The only way he could think to do that, however, was to appeal to the captain of the Emerald. He had met her on only a few occasions, but he knew her by impressive reputation. She had been the one who had led the angels against the Morningstar in the Elysian War after all, and to victory. Today, with the return of the Son, she could be anywhere in the metropolis, making sure nothing was amiss or afoot, making sure the Son was protected.

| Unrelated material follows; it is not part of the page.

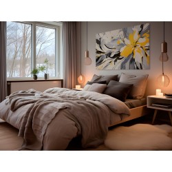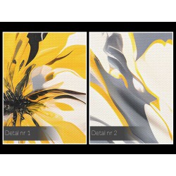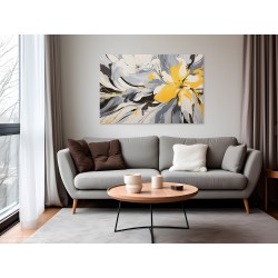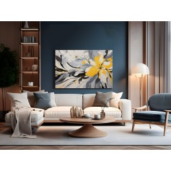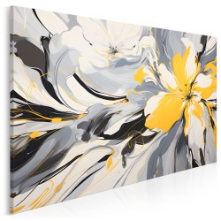 Ten obraz przedstawia abstrakcyjne kwiaty w dynamicznej kompozycji kolorystycznej. Dominuje elegancka paleta bieli, szarości i czerni z intensywnymi akcentami żółci, które nadają całości energii i kontrastu. Płynne, rozlane formy tworzą efekt ruchu, przypominający ekspresjonistyczne malarstwo. Taka dekoracja doskonale sprawdzi się w nowoczesnych wnętrzach, dodając im wyrazistości i subtelnej elegancji.

Sol stopped outside of the Glass Palace, his hands in the pockets of his dark jacket. He’d had no luck finding the captain, and he had run out of options. He had already checked the Son’s scheduled route, the towers that bordered the route, and the area where the celebration would be held. He could think of only one other place the captain was likely to be, and he dreaded going there to seek her out. But the sun already hung low in the sky, and the walls of the Glass Palace had begun to darken toward navy. The karma policeman remained where he was for a moment, taking in the elegance and beauty of the palace. His head craned back, he gazed up at the stained glass-tipped tower jutting into the sky. It was backlit by the sun and shone like a kaleidoscope. Sol’s eyes traced the spire to its sharp tip before he returned his attention to the matter at hand and began to make his way toward the pier, where the Son would soon be arriving, and where Bertha spent her last hours as Gatekeeper.